- _What the task asks_
In the entries that follow, the line with "From 27 to 30" opens the range and the line with "表1、根據(jù)爆炸危險區(qū)域選擇設備保護級別(EPL)和防爆結構" closes it; repeat that range exactly, both lines included.

- _The data_
####

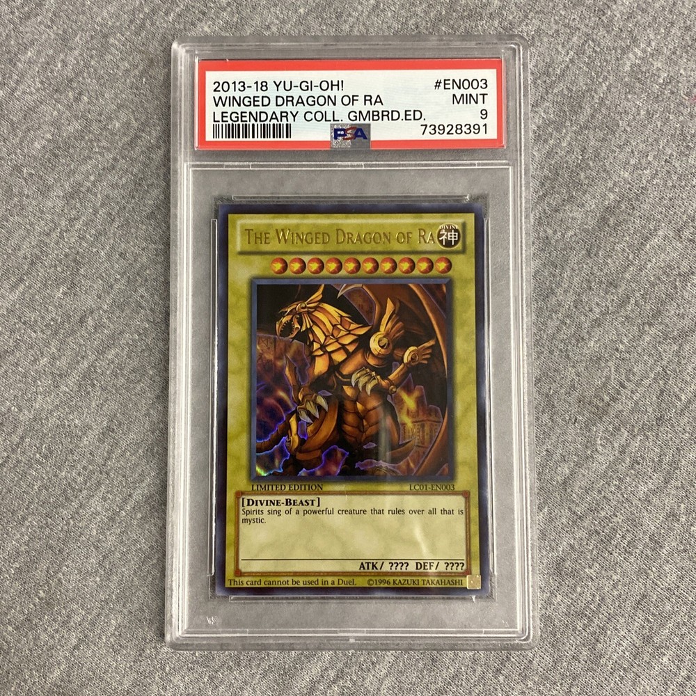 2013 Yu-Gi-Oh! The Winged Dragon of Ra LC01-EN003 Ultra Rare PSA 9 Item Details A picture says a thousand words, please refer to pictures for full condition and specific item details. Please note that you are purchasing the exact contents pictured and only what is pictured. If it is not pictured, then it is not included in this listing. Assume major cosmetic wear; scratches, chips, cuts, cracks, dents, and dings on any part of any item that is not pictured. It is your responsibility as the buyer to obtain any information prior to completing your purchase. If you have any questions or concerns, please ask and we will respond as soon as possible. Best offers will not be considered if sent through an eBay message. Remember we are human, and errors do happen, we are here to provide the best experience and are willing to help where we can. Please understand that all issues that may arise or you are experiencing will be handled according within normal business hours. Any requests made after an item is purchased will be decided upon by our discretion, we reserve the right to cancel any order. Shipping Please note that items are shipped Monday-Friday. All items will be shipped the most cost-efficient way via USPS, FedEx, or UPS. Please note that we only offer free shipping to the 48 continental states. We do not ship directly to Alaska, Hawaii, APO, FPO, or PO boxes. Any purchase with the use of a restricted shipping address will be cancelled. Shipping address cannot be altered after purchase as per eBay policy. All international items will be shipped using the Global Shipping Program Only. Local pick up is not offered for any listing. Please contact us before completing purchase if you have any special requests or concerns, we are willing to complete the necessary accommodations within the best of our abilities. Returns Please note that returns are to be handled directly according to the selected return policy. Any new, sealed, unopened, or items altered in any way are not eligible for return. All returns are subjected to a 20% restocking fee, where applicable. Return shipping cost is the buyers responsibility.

####

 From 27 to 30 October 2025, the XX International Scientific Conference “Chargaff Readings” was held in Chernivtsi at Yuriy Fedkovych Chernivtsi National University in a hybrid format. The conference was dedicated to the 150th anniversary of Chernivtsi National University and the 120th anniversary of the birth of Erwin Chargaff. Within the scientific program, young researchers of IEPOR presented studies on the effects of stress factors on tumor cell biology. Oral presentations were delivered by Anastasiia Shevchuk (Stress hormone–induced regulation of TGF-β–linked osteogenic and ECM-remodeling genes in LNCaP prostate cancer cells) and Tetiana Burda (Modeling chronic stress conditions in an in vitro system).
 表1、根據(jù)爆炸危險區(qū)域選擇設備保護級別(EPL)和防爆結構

####

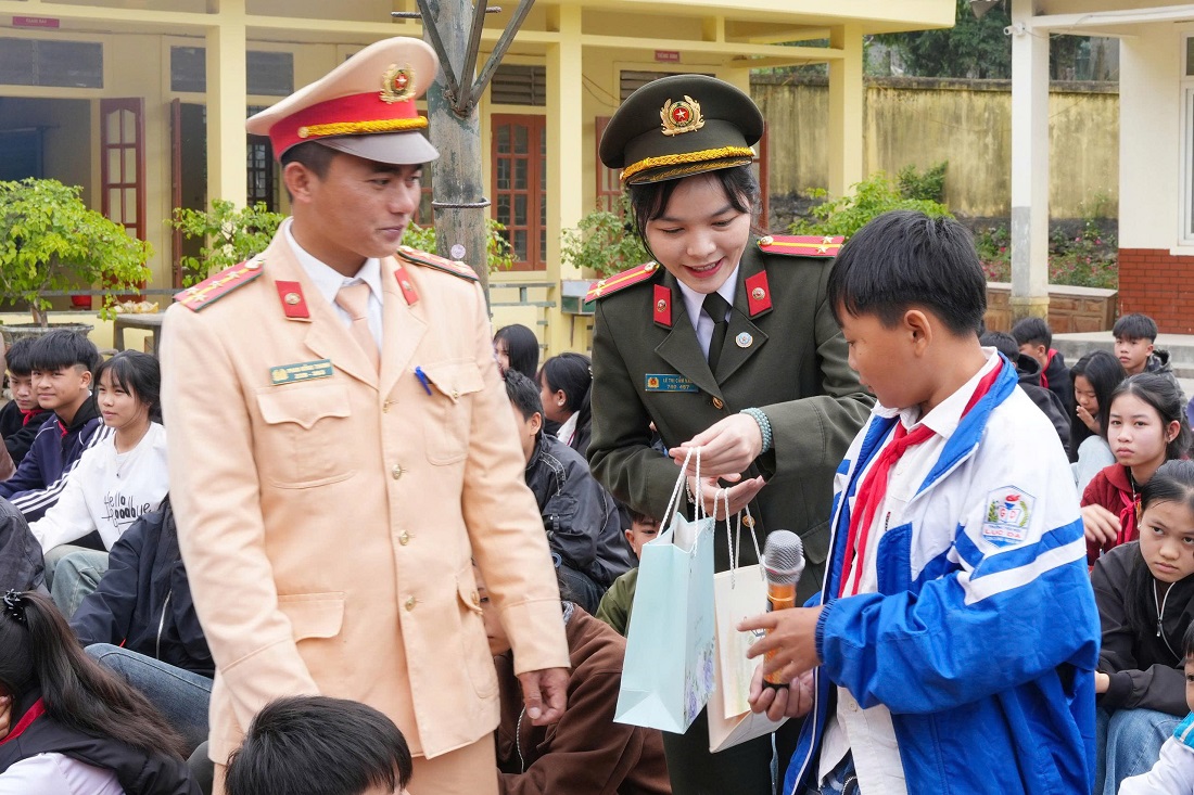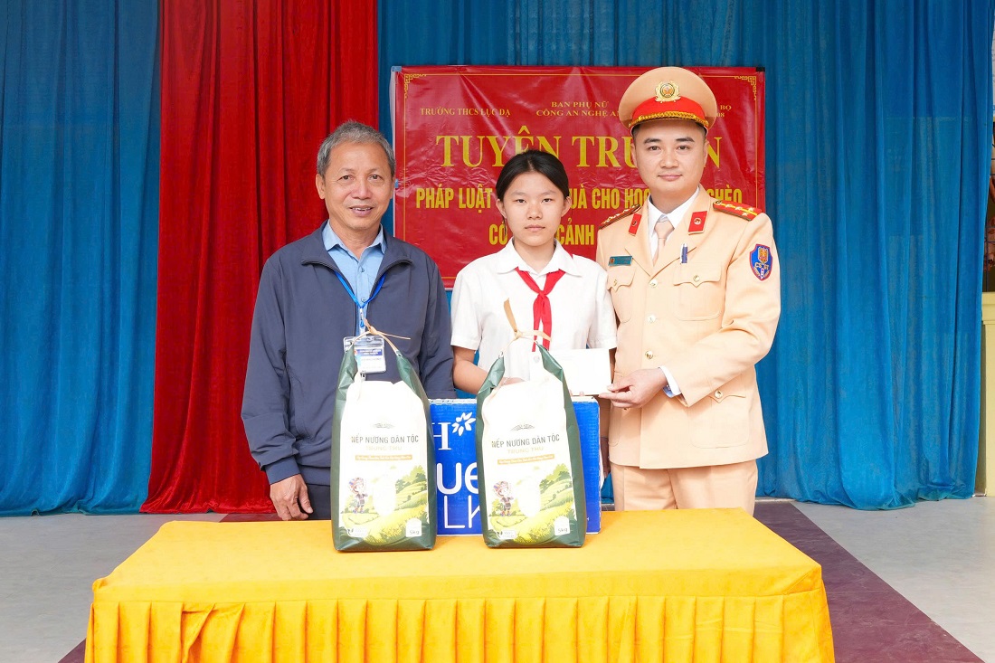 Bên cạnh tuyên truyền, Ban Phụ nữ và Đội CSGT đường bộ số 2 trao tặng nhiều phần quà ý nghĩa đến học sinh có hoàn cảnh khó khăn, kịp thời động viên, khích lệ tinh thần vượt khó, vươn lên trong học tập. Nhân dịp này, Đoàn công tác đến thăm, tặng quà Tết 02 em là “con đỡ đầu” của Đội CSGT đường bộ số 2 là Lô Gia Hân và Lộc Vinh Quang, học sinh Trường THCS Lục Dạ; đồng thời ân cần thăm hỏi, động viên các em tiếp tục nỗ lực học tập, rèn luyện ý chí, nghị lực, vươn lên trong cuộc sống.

####

- _Solved exercise_
 From 27 to 30 October 2025, the XX International Scientific Conference “Chargaff Readings” was held in Chernivtsi at Yuriy Fedkovych Chernivtsi National University in a hybrid format. The conference was dedicated to the 150th anniversary of Chernivtsi National University and the 120th anniversary of the birth of Erwin Chargaff. Within the scientific program, young researchers of IEPOR presented studies on the effects of stress factors on tumor cell biology. Oral presentations were delivered by Anastasiia Shevchuk (Stress hormone–induced regulation of TGF-β–linked osteogenic and ECM-remodeling genes in LNCaP prostate cancer cells) and Tetiana Burda (Modeling chronic stress conditions in an in vitro system).
 表1、根據(jù)爆炸危險區(qū)域選擇設備保護級別(EPL)和防爆結構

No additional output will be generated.